Initially, 39 were allowed to stay, but two additional students who left campus returned.

One woman from London planned to stay with a relative in Maryland, but those arrangements collapsed.

“One other young man called me and said, “My house is small. My mother’s not doing well.’ So I said, ‘Come on back.’ I got him a room,” Michalenko said.

Those 41 were consolidated into Salem Hall, an apartment-style dwelling. Before move-in, crews cleaned and sanitized the six-story building, then relocated students in stages to ensure social distancing. “We didn’t want them all getting on the same elevator,” he said.

Staff assigned two students per apartments that normally sleep four or five to ensure each had both a separate bedroom and private bathroom for health reasons.

On the suddenly quiet campus, those left behind are encouraged to go outside for walks, take a jog or study in the school’s largely vacant Nicholson Student Center. Limited takeout menus for breakfast, lunch and dinner are available from RoMo’s Cafe.

Workers there even managed to order uncooked chicken and fresh produce, said Chernicky, so she has the option of cooking in the dorm rather than rely entirely on prepared food.

But students are not supposed to congregate, a restriction not so popular as staff discovered when a group showed up on a practice field.

“You try telling a bunch of 19-year-olds they can’t play soccer,” Michalenko said.

A live-in staff member is available to residents, and campus police patrol round the clock. A nurse is on duty and counseling is available, though remote only.

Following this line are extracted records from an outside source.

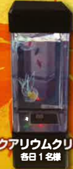
アクアリウムクリオネ 各日1名様
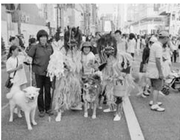
▲銀座の歩行者天国で男鹿をPRするなまはげ

15日は、銀座紙パルプ会館で、なまはげや秋田犬との交流、海産物やしょつたるなど特産品の販売や移住相談会などを行い、男鹿を全国へPRしました。
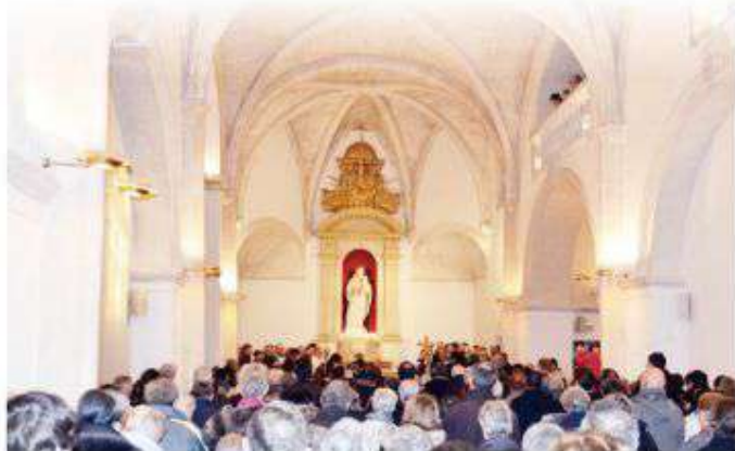
▲ 生命之母團體於法國母院「生命之母教堂」。
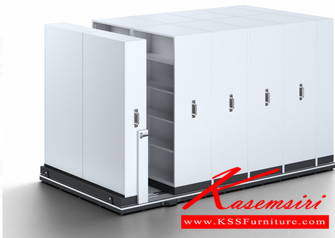
SV2-204 W200xL380xH200 cm.
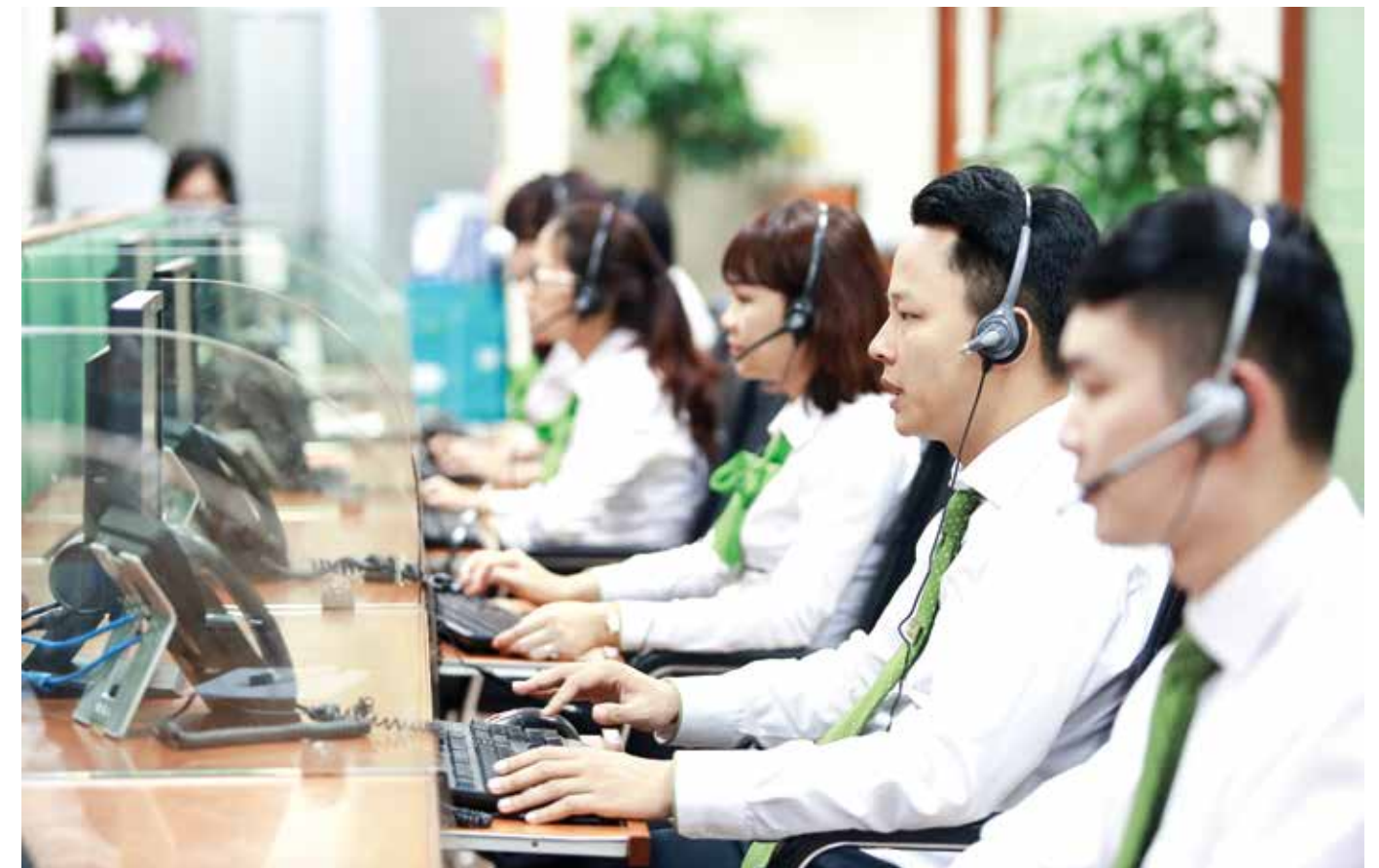
Trung tâm Dịch vụ khách hàng của Vietcombank

Hơn 50 năm dựng xây, phát triển và cống hiến không chỉ tạo nên một thương hiệu lớn mang tên Vietcombank mà còn tạo dựng nên một văn hoá Vietcombank, một cốt cách Vietcombank rất đáng tự hào với những đặc trưng riêng có: Tin cậy, Chuẩn mực, Sẵn sàng đổi mới, Bền vững và Nhân văn. Thương hiệu và Văn hóa chính là những nhân tố đã tạo nên sức mạnh, giúp Vietcombank vượt qua những bước thăng trầm cùng lịch sử, luôn vươn đến những đỉnh cao mới, với những thành công tiếp nối thành công. □

Students, no more than one at a time, can enter the food pantry for various items including frozen vegetables. Snacks and notes are left for students on “Thinking of You Thursdays,” Michalenko said.

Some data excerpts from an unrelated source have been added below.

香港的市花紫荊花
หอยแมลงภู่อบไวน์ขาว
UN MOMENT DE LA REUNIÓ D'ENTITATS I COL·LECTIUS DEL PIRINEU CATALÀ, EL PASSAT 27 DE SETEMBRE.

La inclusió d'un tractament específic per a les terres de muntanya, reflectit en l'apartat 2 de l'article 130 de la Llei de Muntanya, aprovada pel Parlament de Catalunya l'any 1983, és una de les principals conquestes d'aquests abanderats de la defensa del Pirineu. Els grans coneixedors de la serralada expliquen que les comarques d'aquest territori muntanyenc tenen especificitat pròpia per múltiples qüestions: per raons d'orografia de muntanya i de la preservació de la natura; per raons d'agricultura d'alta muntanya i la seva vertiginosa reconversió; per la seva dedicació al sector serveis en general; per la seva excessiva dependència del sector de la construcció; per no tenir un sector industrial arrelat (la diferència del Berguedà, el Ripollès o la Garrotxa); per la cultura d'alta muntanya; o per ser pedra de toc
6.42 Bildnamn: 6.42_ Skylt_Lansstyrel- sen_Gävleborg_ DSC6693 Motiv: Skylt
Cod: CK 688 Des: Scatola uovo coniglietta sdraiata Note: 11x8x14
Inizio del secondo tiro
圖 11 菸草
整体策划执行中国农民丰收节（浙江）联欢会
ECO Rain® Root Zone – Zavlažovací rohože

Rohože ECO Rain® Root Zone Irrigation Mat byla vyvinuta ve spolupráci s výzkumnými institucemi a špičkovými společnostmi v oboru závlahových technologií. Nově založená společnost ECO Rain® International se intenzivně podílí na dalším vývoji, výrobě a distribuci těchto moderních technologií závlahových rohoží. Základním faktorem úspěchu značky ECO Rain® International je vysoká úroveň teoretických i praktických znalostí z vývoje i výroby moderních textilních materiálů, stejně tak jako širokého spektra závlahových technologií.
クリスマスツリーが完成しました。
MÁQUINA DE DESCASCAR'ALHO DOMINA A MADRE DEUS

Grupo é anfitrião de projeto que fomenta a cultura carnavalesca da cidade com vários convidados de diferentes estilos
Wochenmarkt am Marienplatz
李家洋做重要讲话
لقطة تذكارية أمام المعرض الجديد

“We’re all doing our best to provide emotional and academic support, but there is only so much we can do, talking on the phone,” he said.

William Clegg, 21, of Central City, Somerset County, juggles coursework with outside activities from tutoring to jogging. His parents are at greater risk to contract the virus, he said, so he is thankful to spare them that and to avoid internet connection problems back home.

That said, Clegg added, “I think the hardest part is the people not being around.”

Chernicky offered a stronger observation about a once-bustling campus of college students now empty save the occasional couple with a stroller and some dogs. “It seems like the apocalypse or something.”